Edited by Buff Whitman-Bradley, Sarah Lazare, and Cynthia Whitman-Bradley

PM Press, 2011

In this book compiled by the anti-war organization Courage to Resist, brave young veterans from a variety of backgrounds tell how they came to join the U.S. military and eventually to refuse to participate anymore in the Iraq and Afghanistan wars.

Aftershock

By Robert Reich

Vintage, 2011

The former U.S. Secretary of Labor has updated his book about how shifting wealth from working people to the top 1 percent put the economy in crisis—and what can be done now.

American Dreamers

By Michael Kazin

A.A. Knopf, 2011

Commentary on selected aspects of the American Left throughout history finds that activists have had lasting impact on culture and social justice even if they haven’t fully achieved their goals.

Anti-Capitalism

By Ezequiel Adamovsky

Seven Stories, 2011

An Argentinian activist argues that a new kind of Left movement around the world can succeed where its predecessors have failed.

At-Risk

By Amina Gautier

University of Georgia, 2011

This outstanding collection of artfully written short stories focuses on young African-Americans in New York.
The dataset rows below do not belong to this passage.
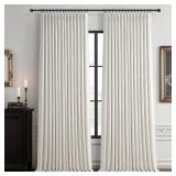 100% Blackout Linen 96 Inch Curtains 2 Panel Set for Bedroom, Modern Pinch Pleated Natural Linen Off Beige White Insulated Heavy Curtain 52 x 96 Inches Length Sliding Glass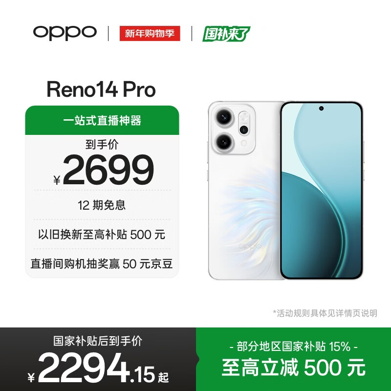 OPPO Reno14 Pro 12GB+256GB 人鱼姬 直播神器 全新小直屏无线充电 AI拍照5G智能手机学生游戏国家补贴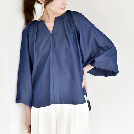 首元は程よいVカットで、首や顔周りをすっきりと華奢見えさせてくれます。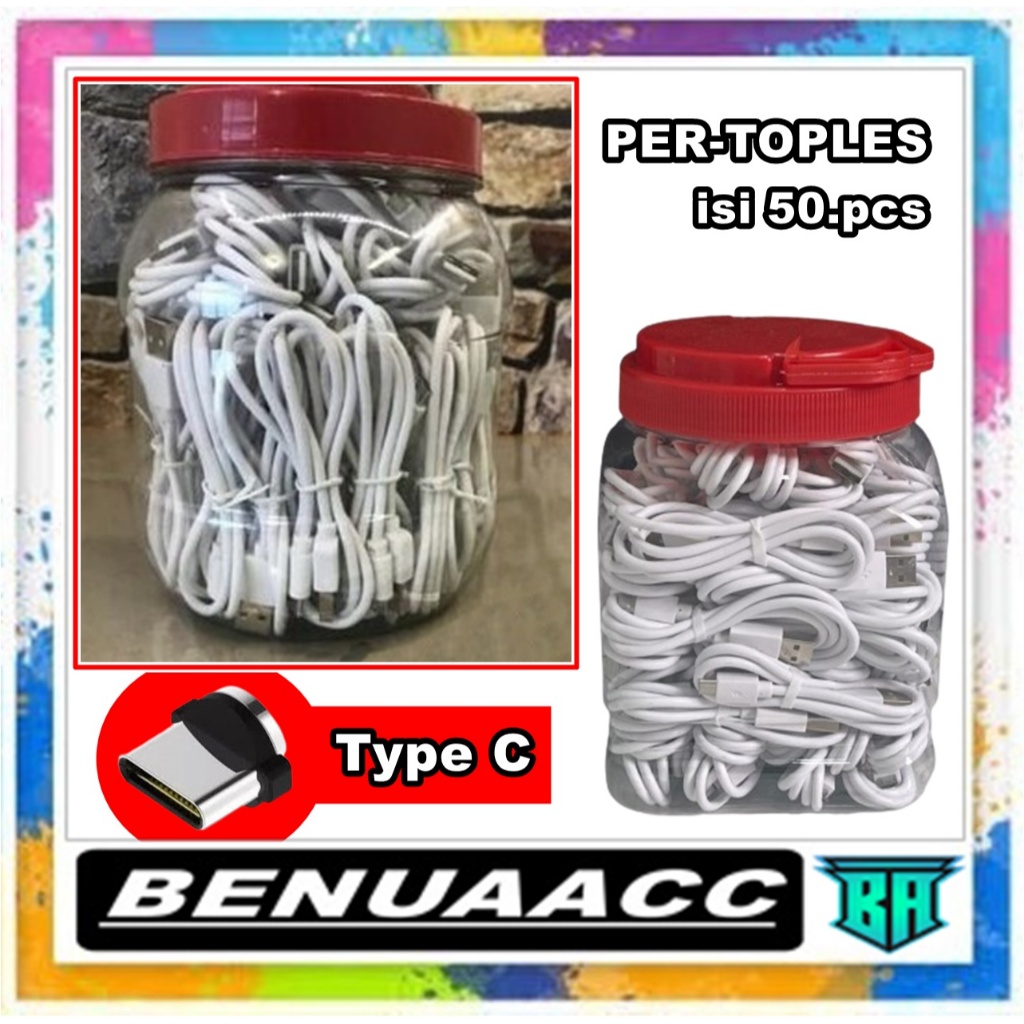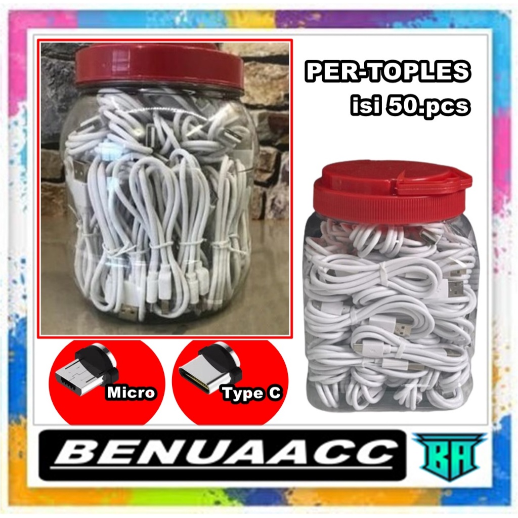 [ TOPLES ] Kabel Data [ Authantic Putih ] 2.0A [ Micro & Tipe C ] Jual Per Toples isi 50pcs [JUAL PER-TOPLES]

Gautier does not judge them but tries to show how they feel.

Boundaries

By Elizabeth Nunez

Akashic, 2011

A Caribbean immigrant with a successful career in New York’s publishing industry confronts boundary issues with her mother, a potential second husband, and her native-born white and African-American bosses. [End Page 124]

In the Land of the Grasshopper Song

By Mary Ellicott Arnold and Mabel Reed

University of Nebraska Press, 2011

In 1908, two East Coast women were sent by the U.S. government to serve as “field matrons” to teach native people in the Klamath and Salmon River country of northernmost California how to become “Americans.” This lesbian couple soon discovered that they had a great deal to learn from their hosts. Fifty years later, they drew on their letters and diaries from the time to recount their remarkable experiences with humor and honesty.

No Backing Down

By Tameron Keyes

Ashtad, 2011

A former stockbroker for Smith Barney details the sexual harassment and discrimination she faced and takes readers through her successful court case against the Wall Street firm.

Occupy!

Edited by Astra Taylor and Keith Gessen

Verso, 2011

A thoughtful compilation from the Occupy! Gazette, a publication produced after Occupy Wall Street began, gives readers who were not in New York a taste of the bold action and soul-searching debates participants were engaged in. Royalties go to support OWS.

River of Smoke

By Amitav Ghosh

Farrar, Straus and Giroux, 2011

The second in a trilogy of historical novels that began with Sea of Poppies takes place in India, China, and other parts of Asia in the nineteenth century when the opium trade was becoming big business. Once again, Ghosh has produced a captivating blend of thoroughly researched history, compelling characters, and colorful language.

The Accidental Slaveowner

By Mark Auslander

University of Georgia, 2011

For more than 150 years, whites in Oxford, Georgia have passed on a story about a black woman enslaved to a white minister who was the first president of Emory University. According to their account, the minister offered to set the woman free but she chose to remain with him. Meanwhile, African-American families have passed down a very different account.

Trampling Out the Vintage

By Frank Bardacke

Verso, 2011

For decades, Cesar Chavez has been remembered as a great American hero. Recently, some on the Left have dismissed him as a paranoid madman who blew the chance to build a strong union for farm workers. Bardacke argues that both stories are too simplistic and ignore important aspects of the union’s experience, including what he calls its anti-democratic culture, distance from the membership, and compliant inner circle. [End Page 125]

Weirding the War

Edited by Stephen Berry

University of Georgia, 2011

A collection of essays revisits the Civil War, finding not heroes...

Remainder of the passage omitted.